Thursday, July 12, 2007

Counting Books

For the past week or so I have been working on book lists of one sort or another, both creating them as well as examining what makes for a useful list. As part of that process, and as part of a reality check, I collected book lists from twenty-eight randomly selected libraries, these lists being compiled by librarians. The nature of the lists were not so much the best of the best (I am working on that as a separate exercise) but rather lists of recommended books based on the experience of those librarians.

Some of these lists were just a couple of dozen books for a single grade, some lists reaching to a hundred or more titles and covering several grades. I am still in the process of cleaning up the data but have completed infant through Grade Three. I thought you might be interested in some of the initial observations, allowing for the fact that this is not a particularly rigorous analysis; while randomly selected, these lists were the ones that were readily available.

The outcome that struck me most was how little consensus there was between the lists. Had I been asked, I would have guessed that if you put 10 librarians in a room and asked them to create ten lists of recommended books for young children, 80% of the titles would have shown up on two or more of the lists (compared to 23% in the sample actually collected). I would have also guessed that at least a quarter of the titles would have shown up on the majority of lists (as opposed to none, in this sample).
From the twenty eight library lists covering infant to Grade Three, there were a total of 2,736 unique titles recommended. 77% of all titles mentioned were only mentioned once.
Of the total 2,736 titles mentioned, there were only 633 books (23%) that showed up on two or more lists out of the twenty-eight.
This is almost the inverse of what I would have expected.
The number of titles mentioned more than once had, what seemed to me, an astonishingly low average citation rate of 2.8, i.e. if a book was chosen by more than one librarian, it was on average chosen by about three of them (out of twenty-eight).
No book showed up on a majority of lists (more than fourteen of the twenty-eight).
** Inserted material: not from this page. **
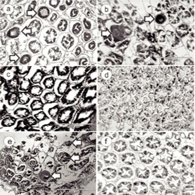Gan tụy của tôm nhiễm NHP-B tiếp xúc với. (a) 5 microgam AgNPs trong 12 ngày; (b) 5 microgam AgNPs trong 24 ngày; © 35 microgam AgNPs trong 12 ngày, (d) 35 microgam AgNPs trong 24 ngày. Kiểm soát tôm không có AgNPs: (e) bị nhiễm bệnh; (f) không bị nhiễm bệnh. Các mũi tên cho biết điểm lây nhiễm vi khuẩn.
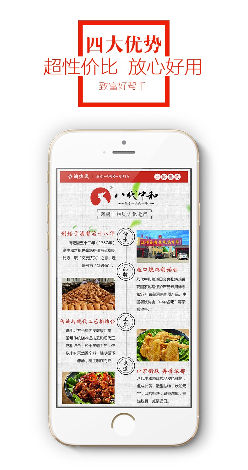 本公司生產(chǎn)道口燒雞系列產(chǎn)品,及生產(chǎn)、加工、營銷、連鎖、加盟于一體的全國性連鎖股份制民營企業(yè)。已獲得國家食品生產(chǎn)許可證,通過ISO9001國際質(zhì)量管理體系認證。

The highest number of citations were garnered by Amelia Bedelia and Frog and Toad are Friends which were each mentioned by 12 out of twenty-eight librarians.
Brown Bear, Brown Bear, What do You See?; Chicka Chicka Boom Boom; and Goodnight Moon each came in with ten citations.
There were only twenty-five titles that showed up on at least a quarter of the lists.

Alexander and the Terrible, Horrible, No Good, Very Bad Day by Judith Viorst and illustrated by Ray Cruz

Amber Brown is Not a Crayon by Paula Danziger and illustrated by Tony Ross

Amelia Bedelia by Peggy Parrish and illustrated by Fritz Siebel

Brown Bear, Brown Bear, What Do You See? by Bill Martin, Jr. and illustrated by Eric Carle

Caps for Sale by Esphyr Slobodkina

Chicka Chicka Boom Boom by Bill Martin, Jr. and John Archambault, and illustrated by Lois Ehlert

Corduroy by Don Freeeman

Curious George by H.A. Rey

Dinosaurs Before Dark by Mary Pope Osborne and illustrated by Sal Murdocca

Encyclopedia Brown Boy Detective by Donald Sobol and illustrated by Leonard Shortall

Freckle Juice by Judy Blume and illustrated by Sonia O. Lisker

Frog and Toad Are Friends by Arnold Lobel

Goodnight Moon by Margaret Wise Borwn and illustrated by Clement Hurd

Horrible Harry in Room 2B by Suzy Kline and illustrated by Frank Remkiewicz

Jumanji by Chris van Allsburg

Little Bear by Else Holmelund Minark and illustrated by Maurice Sendak

Madeline by Ludwig Bemelmans

Make Way for Ducklings by Robert McCloskey

Miss Nelson is Missing! by Harry Allard and illustrated by James Marshall

Sarah, Plain and Tall by Patricia MacLachlan

Strega Nona by Tomie dePaola

The Cat in the Hat by Dr. Seuss

The Napping House by Don & Audrey Wood

The Stories Julian Tells by Ann Cameron and illustrated by Ann Strugnell

The Very Hungry Caterpillar by Eric Carle

Take it all with a pinch of salt, while I did my best to collect lists created for similar purposes by similarly qualified practitioners, done independently of one another, etc. this is not a scientifically controlled sample. You can read much or little into the results but I find them interesting and will be writing these up in more detail in later entries (and lists).